- _Task instructions_
Copy verbatim the span of lines beginning at the line that contains "Emma white II: Chaussure" and ending with the final line of the data. Exclude pictures from the copy.

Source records

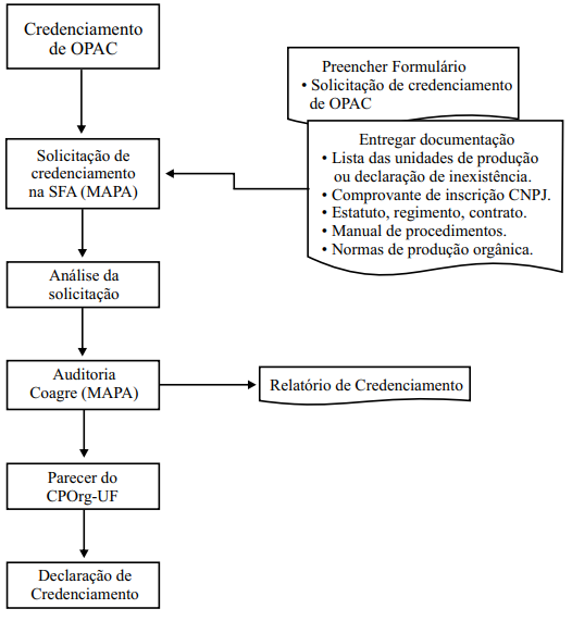 Os OACs deverão ser credenciados pelo MAPA. No caso das certificadoras, o credenciamento será precedido pela acreditação segundo a norma ISO65, do Instituto Nacional de Metrologia, Normalização e Qualidade Industrial (INMETRO). O credenciamento dos Organismos Participativos de Avaliação da Conformidade (OPAC) responsáveis por um SPG será precedido por auditoria realizada pela Coordenação de Agroecologia - COAGRE/MAPA.
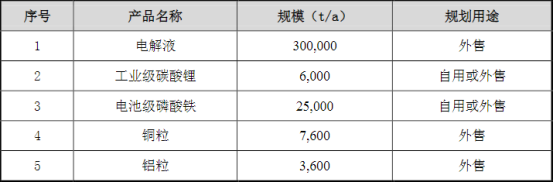 上述項目建成后,將形成電解液300000t/a,規劃用于外售;工業(yè)級碳酸鋰6000t/a、電池級磷酸鐵2500t/a,均為自用或外售;銅粒7600t/a、鋁粒3600t/a,計劃用于外售。
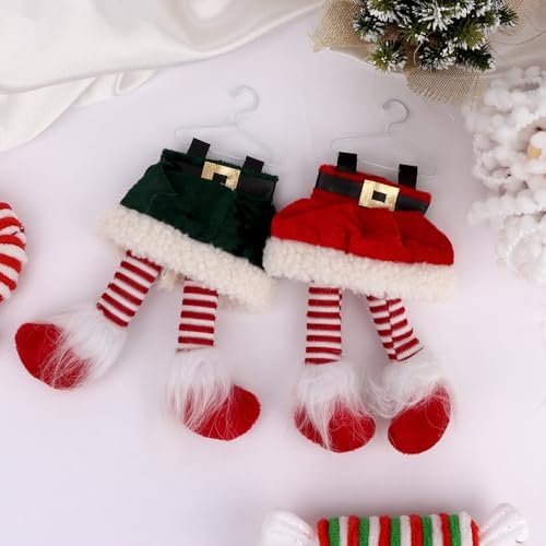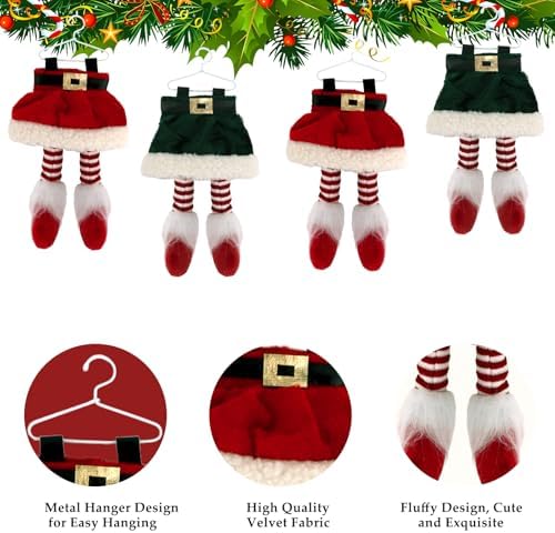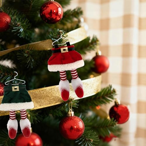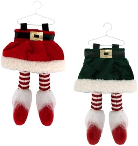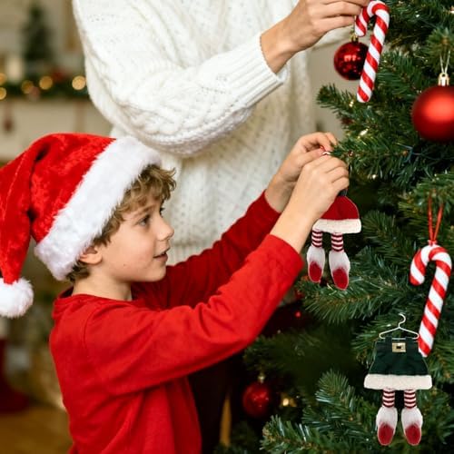 Whimsical Design: Inspired by Santa Claus himself, this adorable christmas hanging decoration features his iconic outfit with red-and-white striped socks and red plush shoes. A black belt with a golden buckle accents the waist, while the cute white hanger adds to its delightful Christmas character
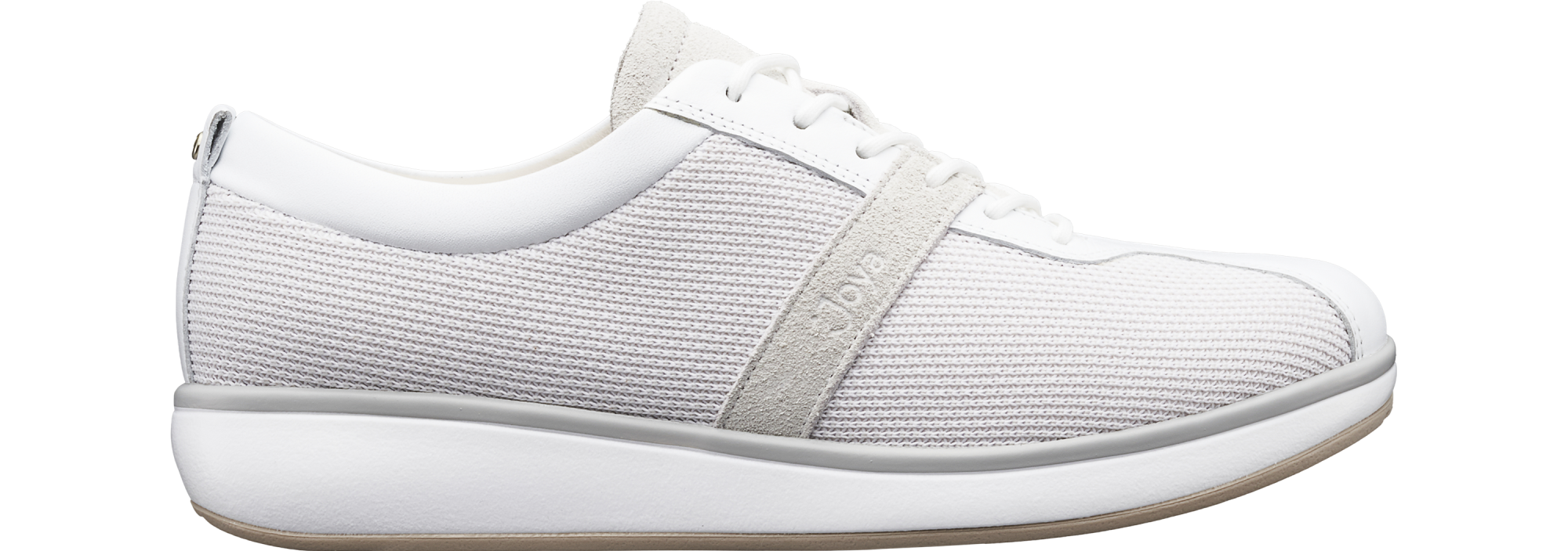 Emma white II: Chaussure décontractée à lacets, élégante, essentielle et polyvalente, avec tige en cuir et textile lisse et doublure en cuir confortable. Elle est dotée de la technologie de la semelle Joya Senso qui assure un excellent effet d'amortissement et une répartition équilibrée de la pression, et offre un confort optimal et un soulagement des muscles du dos, des articulations et du stress quotidien des pieds.
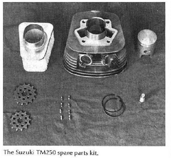 | Every TM250 came with a complete parts kit that included a cylinder, pistons, rings, air cleaner, replacement clutch parts, gearing, and carburetor jetting. |
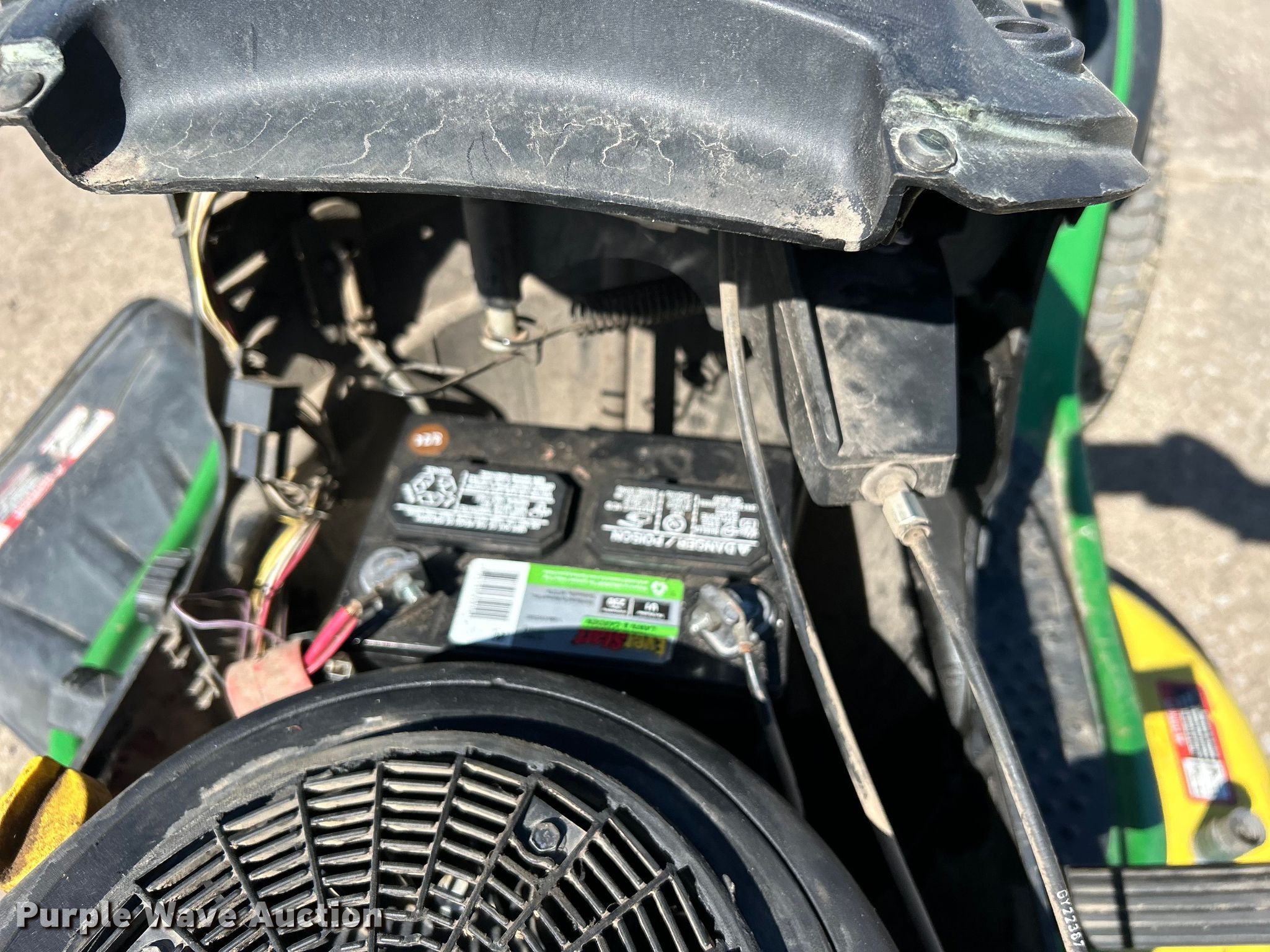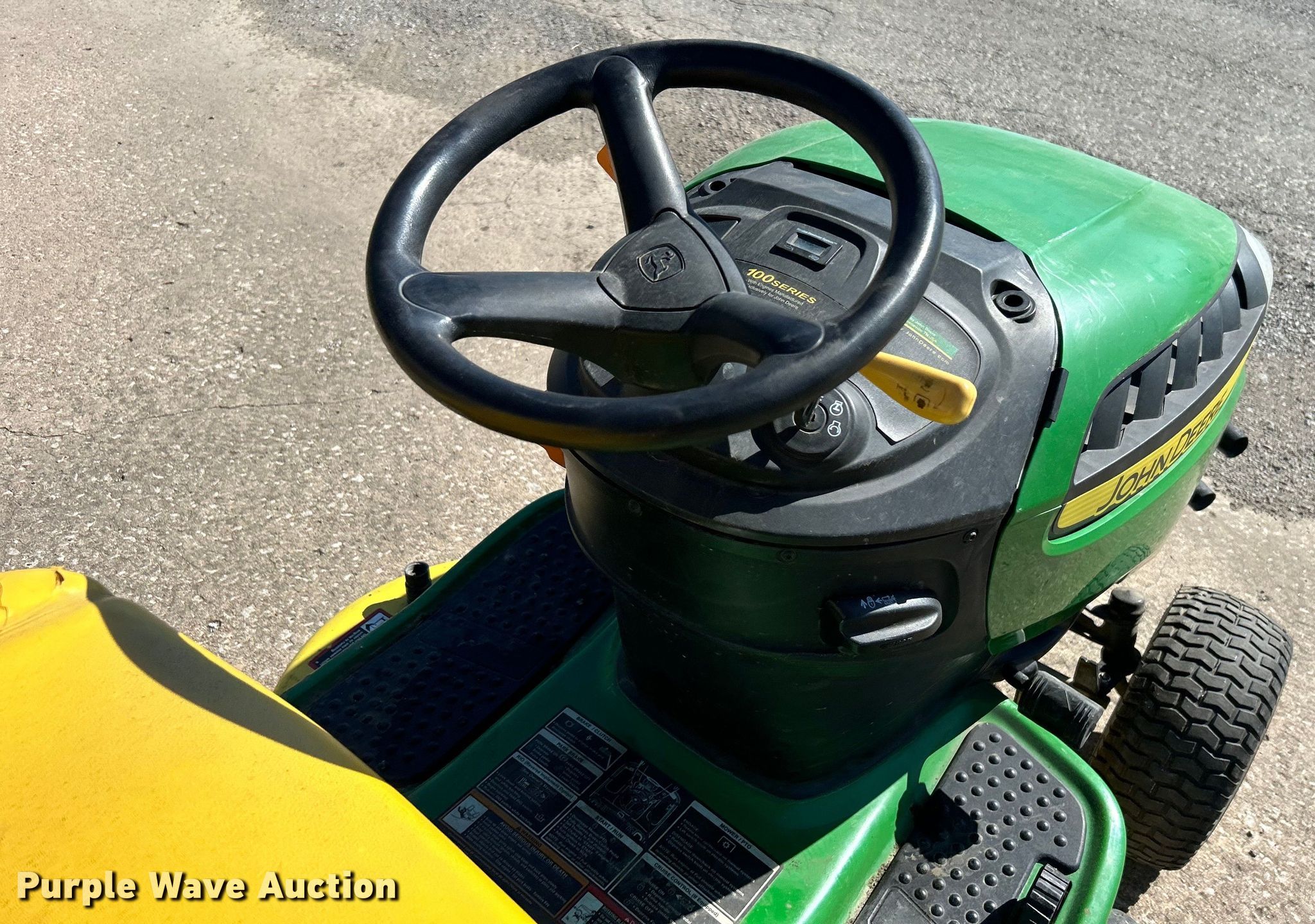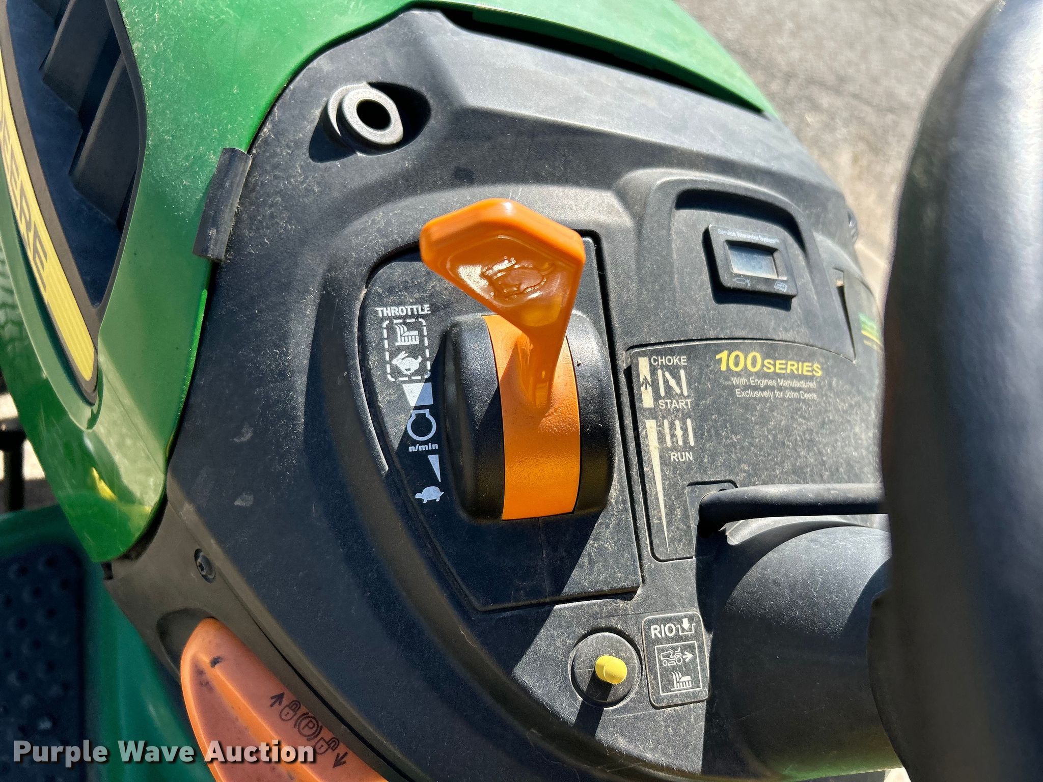 Purple Wave is selling a used Lawn Mower in Oklahoma. This item is a 2015 John Deere D130 lawn mower with the following: Hours: 65 on meter, Cutting width: 42", Serial: 1GXD130ETFG703165
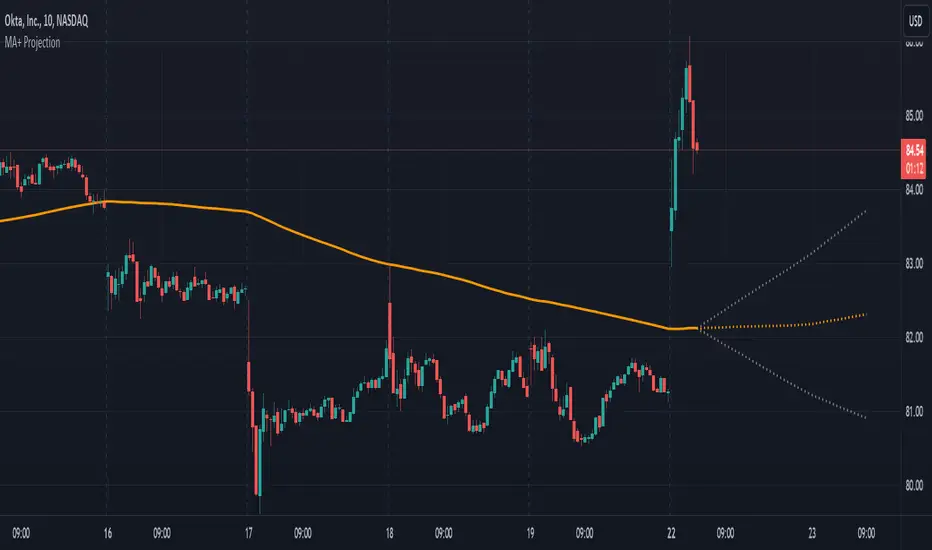 The "MA+ Projection" indicator is designed to visualize the potential future direction of a moving average, taking into account the impact of historical data loss. It is primarily aimed at providing a practical perspective on how moving averages could evolve as older data points are no longer considered.

- _Answer to this exercise_
 Emma white II: Chaussure décontractée à lacets, élégante, essentielle et polyvalente, avec tige en cuir et textile lisse et doublure en cuir confortable. Elle est dotée de la technologie de la semelle Joya Senso qui assure un excellent effet d'amortissement et une répartition équilibrée de la pression, et offre un confort optimal et un soulagement des muscles du dos, des articulations et du stress quotidien des pieds.
 | Every TM250 came with a complete parts kit that included a cylinder, pistons, rings, air cleaner, replacement clutch parts, gearing, and carburetor jetting. |
 Purple Wave is selling a used Lawn Mower in Oklahoma. This item is a 2015 John Deere D130 lawn mower with the following: Hours: 65 on meter, Cutting width: 42", Serial: 1GXD130ETFG703165
 The "MA+ Projection" indicator is designed to visualize the potential future direction of a moving average, taking into account the impact of historical data loss. It is primarily aimed at providing a practical perspective on how moving averages could evolve as older data points are no longer considered.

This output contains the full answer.